NoahLast edited by noaham on Mon Apr 12, 2010 3:26 am; edited 1 time in total

----------

## DONAHUE

Life will be easier if you use the wired NIC to do the install.

If that is impossible I would suggest using a ubuntu or knoppix cd of the same (32 or 64) bitness as the intended install. Nothing on the cd becomes part of the installed system.

run 

```
ifconfig -a
```

 and see if the wireless appears.

----------

## noaham

Thanks DONAHUE, have taken your suggestion of using a knoppix cd, am now happily on my way.

I would still be interested in a solution if anyone has one, just for interests sake.

Noah

edit- ifconfig -a didn't bring anything else up

----------

## Rexilion

Do you see anything in dmesg? Does:

lspci -v

tell you anything?

----------

## d2_racing

Maybe it's kernel related, can you try with the latest SystemRescueCD and tell us if it finds your wifi card ?

----------

## noaham

Hi, thanks for all your help guys! I really appreciate it.

I took DONAHUE's advice and used the 64bit Ubuntu cd to install and I now have gentoo installed and booting on my system! The only thing that does not work is the wireless and it seems to be nearly the same situation as before. 

After I chrooted, the card (wlan0) was still available and I could connect to the internet.

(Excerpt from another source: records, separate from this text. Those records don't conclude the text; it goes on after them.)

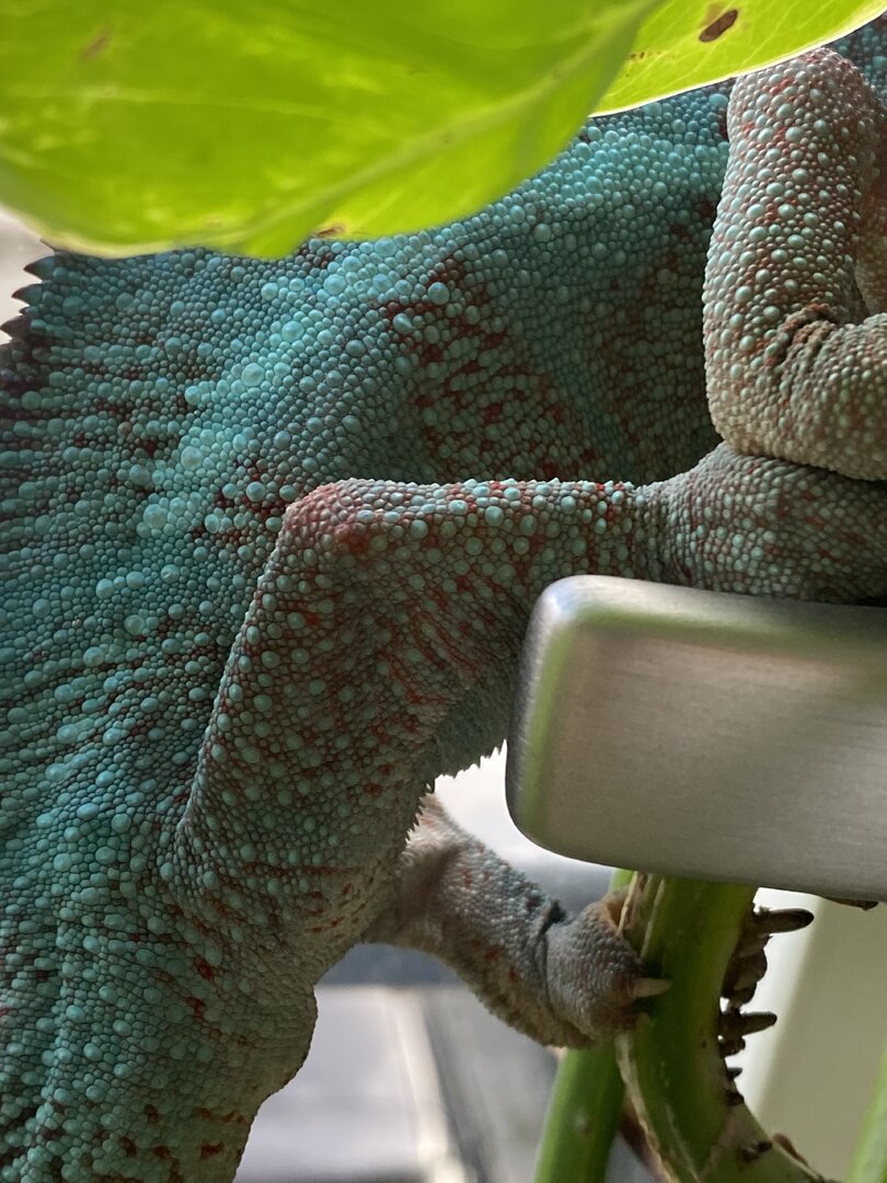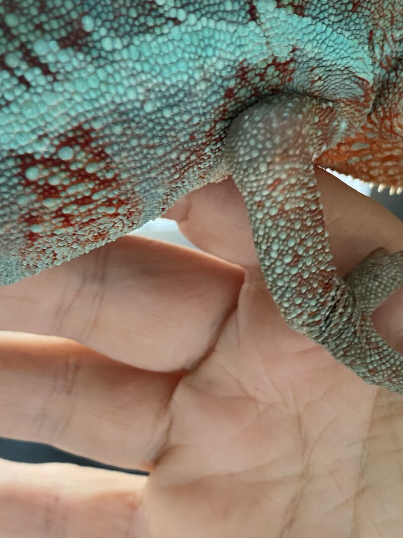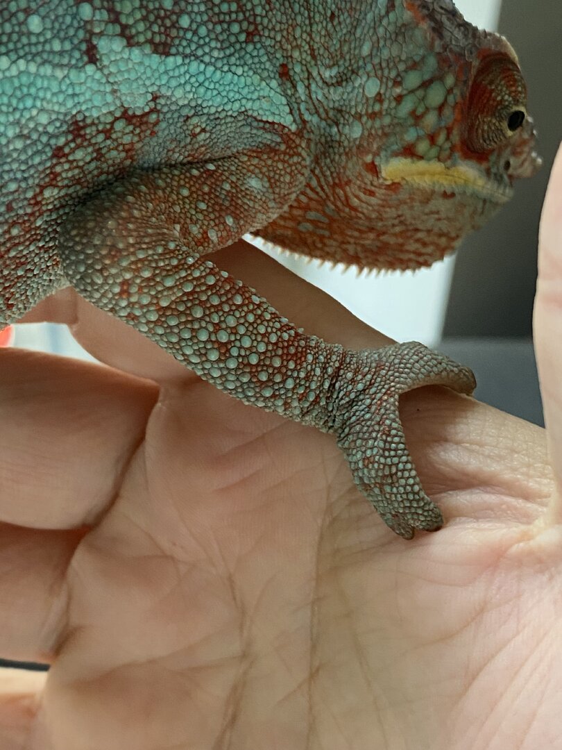 Hello, my Cham is not using his front right foot for the last 2 week or so. 3 other legs have a very strong grip and active. But front one is avoided unless he as too. When I touch it he pulls away.
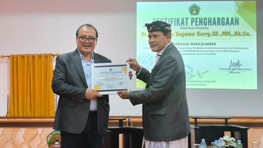SINGARAJA, The East Indonnesia – Bakal Calon Bupati dari Partai Golkar, Nyoman Sugawa Korry meminang Ketua STIKES Buleleng, Made Sundayana untuk menjadi wakilnya dalam perhelatan Pemilukada tanggal 27 November mendatang. Sugawa meminang Sundayana ketika acara Pendidikan Politik yang dilaksanakan di Kampus STIKES Buleleng Kampus Bungkulan, Kamis (18/7).
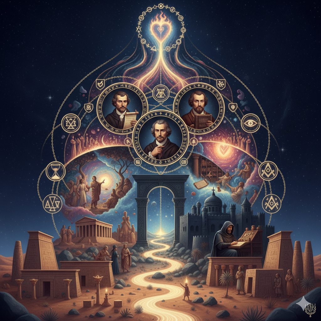 Es en este momento crucial, en la Francia del siglo XVIII, donde se configuran los vectores directos de nuestra herencia. Martínez de Pasqually (c. 1727-1774) funda la Orden de los Caballeros Masones Elegidos Coëns del Universo, estableciendo la doctrina axial de la Reintegración. Su discípulo, Louis-Claude de Saint-Martin (1743-1803), realiza la transposición esencial hacia la "Vía del Corazón", interiorizando la obra. Paralelamente, esta enseñanza llega a Rusia, donde, a finales del mismo siglo XVIII, pensadores como Nikolai Novikov e Ivan Lopukhín la fusionan con la profundidad de la teosofía de Jakob Böhme y el hesicasmo ortodoxo, creando la corriente del Martinismo ruso: una "Iglesia Interior" centrada en la experiencia crística directa y la ascesis silenciosa.
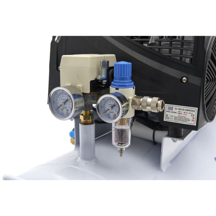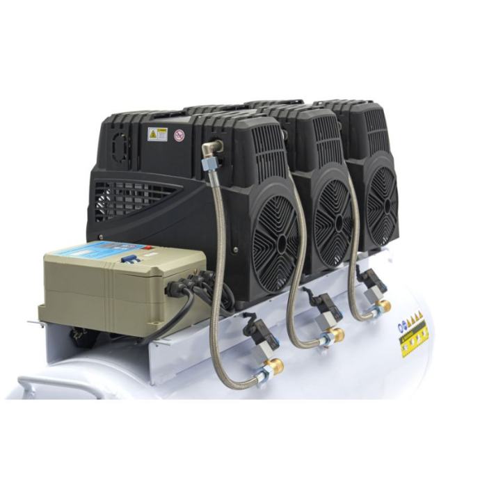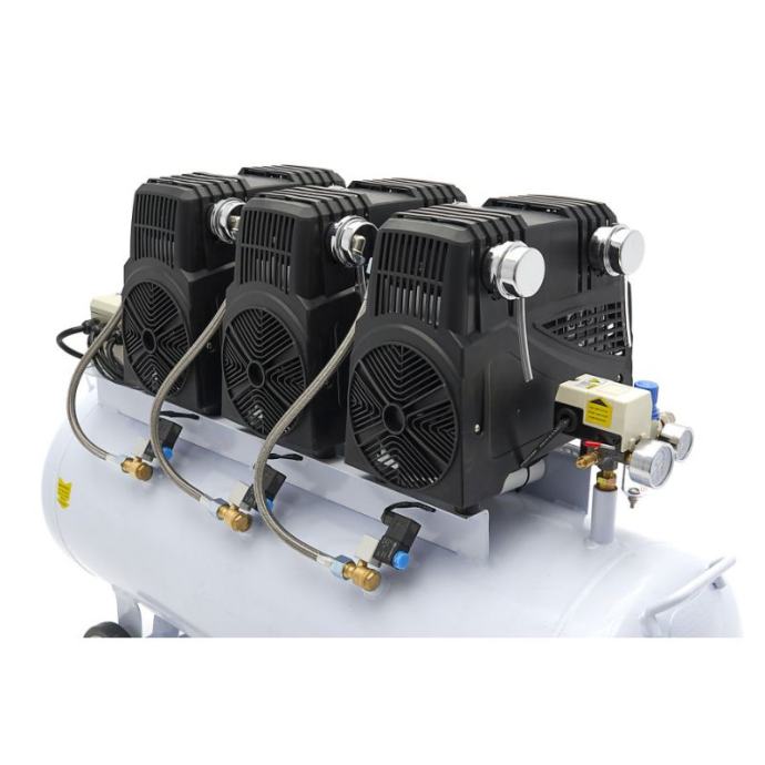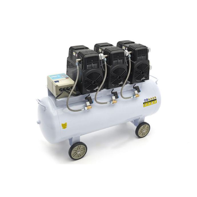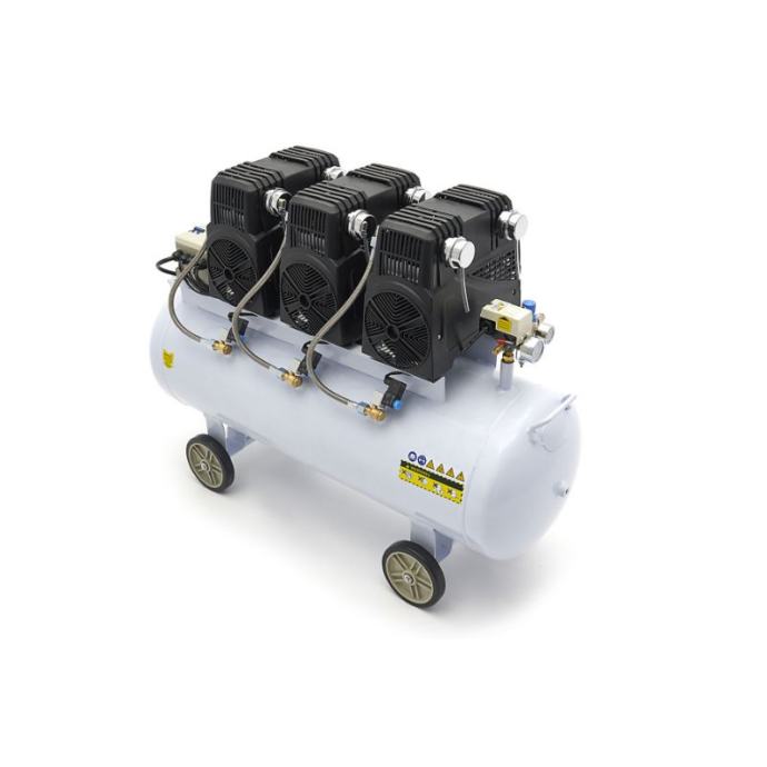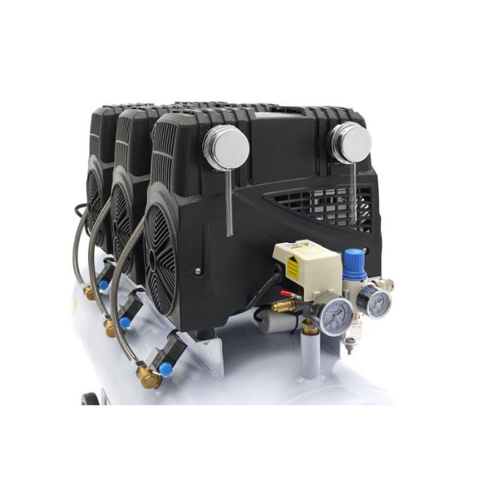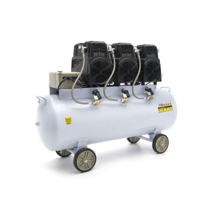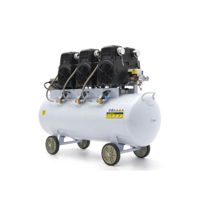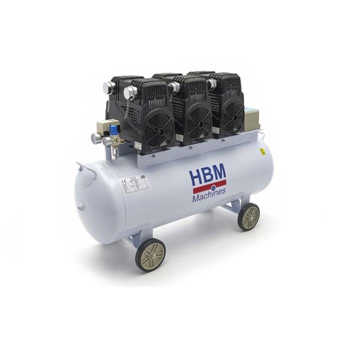 kompresor dolazi s sigurnosnim ventilomventil za smanjenje tlaka s manometrom i spojnicomdrenažni ventil na spremnikuodvajač vlagemobilnimotor bez ulja i održavanjavrlo tihi rad, cca. 70 db !!pogodno za unutarnju upotrebu Tehnički opis: kapacitet spremnika 150litaramaksimalni tlak u spremniku 10 barmaksimalni radni tlak 8 barsnaga motora 3900 w / 1 ksbroj cilindara 6napon 230 Vrazina buke približno 60 db (a)bruto izlaz zraka 600 litara / minutineto izlaz zraka 450 litara / minutidimenzije ambalaže 135 x 45 x 92 cmtežina 128 kg]]>
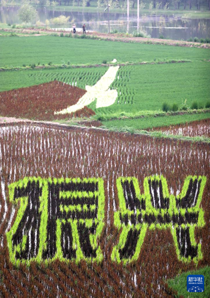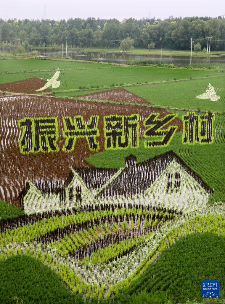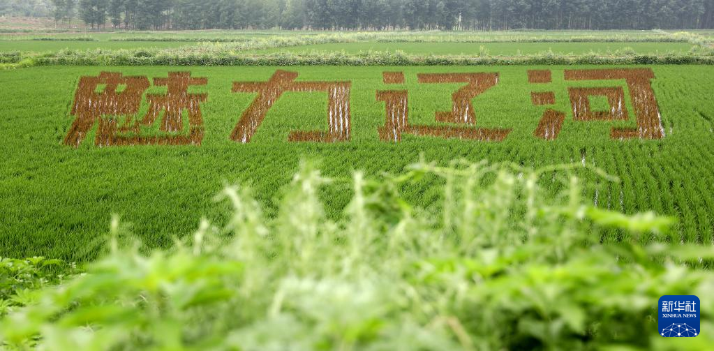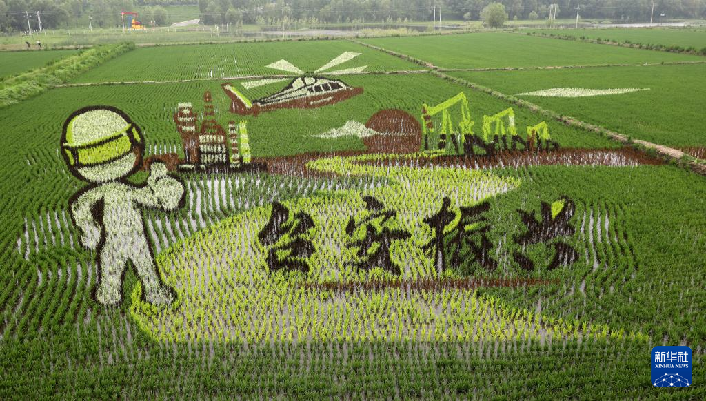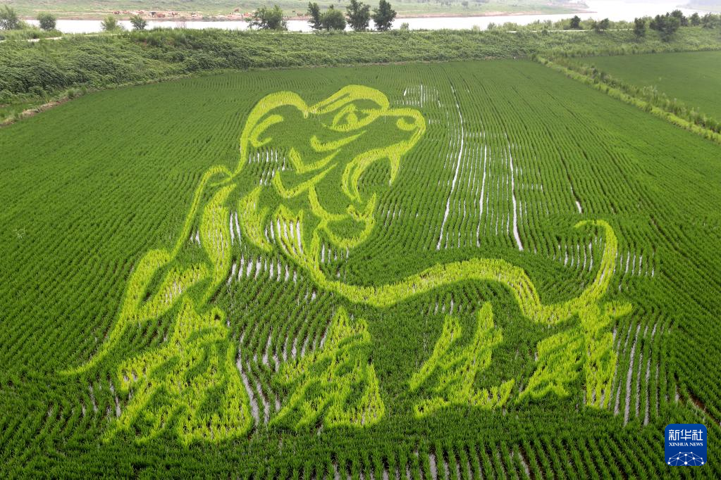 夏至时节,辽宁省鞍山市台安县辽河文化旅游景区里的稻田画开始进入观赏期,园内题材多样的稻田画成为一道别致的乡村景观。

But now since I've rebooted it can't find it. Dmesg does not show the drivers (rtl9197) being loaded for the card however I definitely enabled them in my kernel:

```

effles / # cat /usr/src/linux/.config

...

# CONFIG_USB_ZD1201 is not set

CONFIG_RTL8187=y

CONFIG_RTL8187_LEDS=y

# CONFIG_MAC80211_HWSIM is not set

...

```

My other ethernet card (eth0) is loaded at boot, but it (obviously) can't connect so it just throws up an error. Is there something wrong in my run levels?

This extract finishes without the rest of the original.